TASK INSTRUCTIONS:
In the data below, one line contains "In the subsequent" and a later one contains "從前表看出,成人每天攝入47". Print both, with every line between them, exactly and alone.

DATA SUPPLIED:

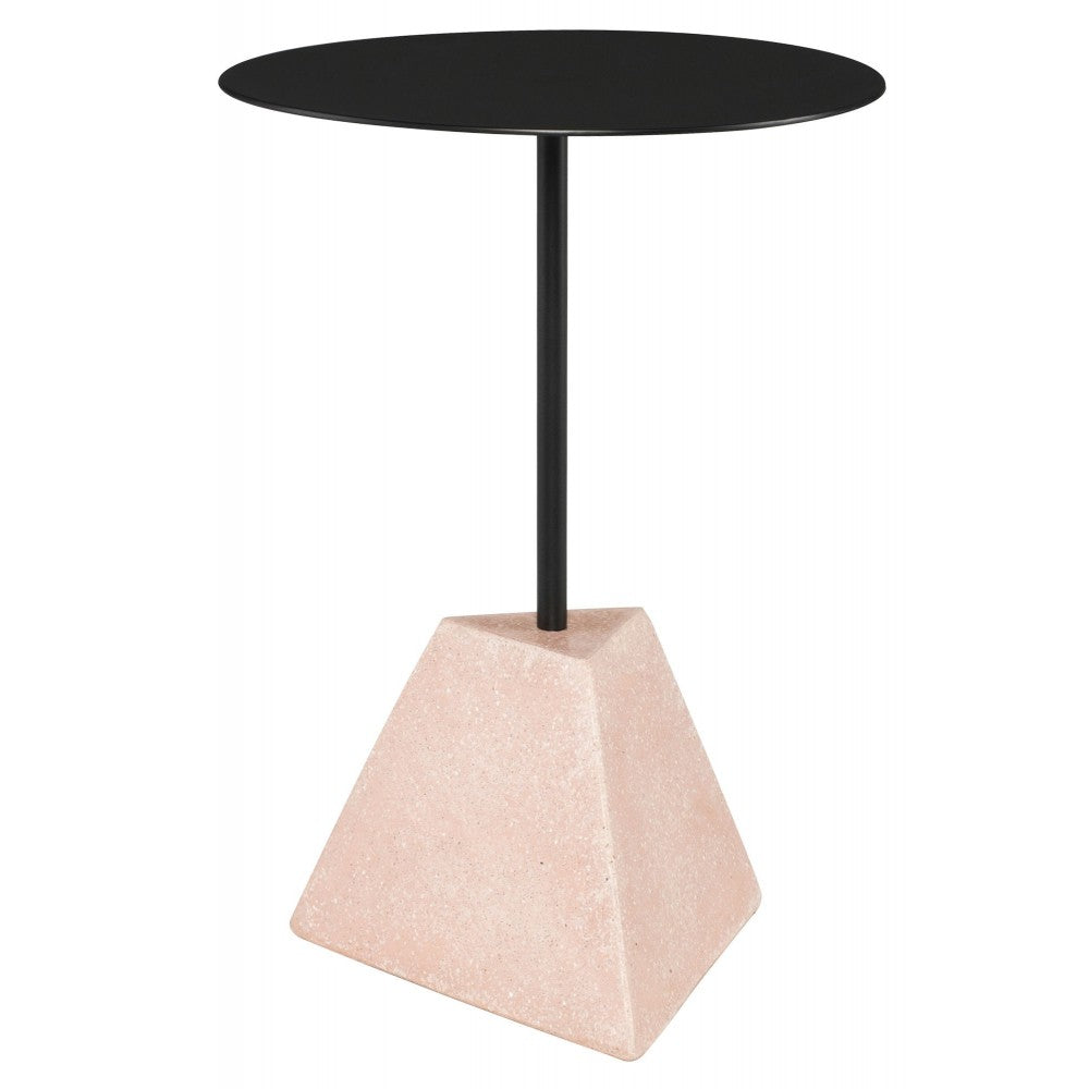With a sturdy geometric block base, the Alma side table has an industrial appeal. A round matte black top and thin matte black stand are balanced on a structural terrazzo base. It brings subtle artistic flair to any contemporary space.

==

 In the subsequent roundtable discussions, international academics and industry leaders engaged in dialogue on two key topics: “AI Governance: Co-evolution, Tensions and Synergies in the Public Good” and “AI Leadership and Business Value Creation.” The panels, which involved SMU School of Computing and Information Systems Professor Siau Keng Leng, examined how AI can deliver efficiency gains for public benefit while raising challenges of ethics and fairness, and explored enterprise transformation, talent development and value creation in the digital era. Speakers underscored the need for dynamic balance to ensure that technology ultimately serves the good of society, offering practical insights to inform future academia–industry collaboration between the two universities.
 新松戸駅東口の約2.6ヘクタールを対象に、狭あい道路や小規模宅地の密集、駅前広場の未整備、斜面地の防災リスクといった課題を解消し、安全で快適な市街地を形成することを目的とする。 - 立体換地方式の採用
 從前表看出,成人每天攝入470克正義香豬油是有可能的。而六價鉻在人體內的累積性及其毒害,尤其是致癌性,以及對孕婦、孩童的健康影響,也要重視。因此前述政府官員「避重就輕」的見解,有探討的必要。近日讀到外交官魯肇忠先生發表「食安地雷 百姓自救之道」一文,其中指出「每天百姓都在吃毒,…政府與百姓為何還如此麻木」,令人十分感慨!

TASK OUTPUT:
 In the subsequent roundtable discussions, international academics and industry leaders engaged in dialogue on two key topics: “AI Governance: Co-evolution, Tensions and Synergies in the Public Good” and “AI Leadership and Business Value Creation.” The panels, which involved SMU School of Computing and Information Systems Professor Siau Keng Leng, examined how AI can deliver efficiency gains for public benefit while raising challenges of ethics and fairness, and explored enterprise transformation, talent development and value creation in the digital era. Speakers underscored the need for dynamic balance to ensure that technology ultimately serves the good of society, offering practical insights to inform future academia–industry collaboration between the two universities.
 新松戸駅東口の約2.6ヘクタールを対象に、狭あい道路や小規模宅地の密集、駅前広場の未整備、斜面地の防災リスクといった課題を解消し、安全で快適な市街地を形成することを目的とする。 - 立体換地方式の採用
 從前表看出,成人每天攝入470克正義香豬油是有可能的。而六價鉻在人體內的累積性及其毒害,尤其是致癌性,以及對孕婦、孩童的健康影響,也要重視。因此前述政府官員「避重就輕」的見解,有探討的必要。近日讀到外交官魯肇忠先生發表「食安地雷 百姓自救之道」一文,其中指出「每天百姓都在吃毒,…政府與百姓為何還如此麻木」,令人十分感慨!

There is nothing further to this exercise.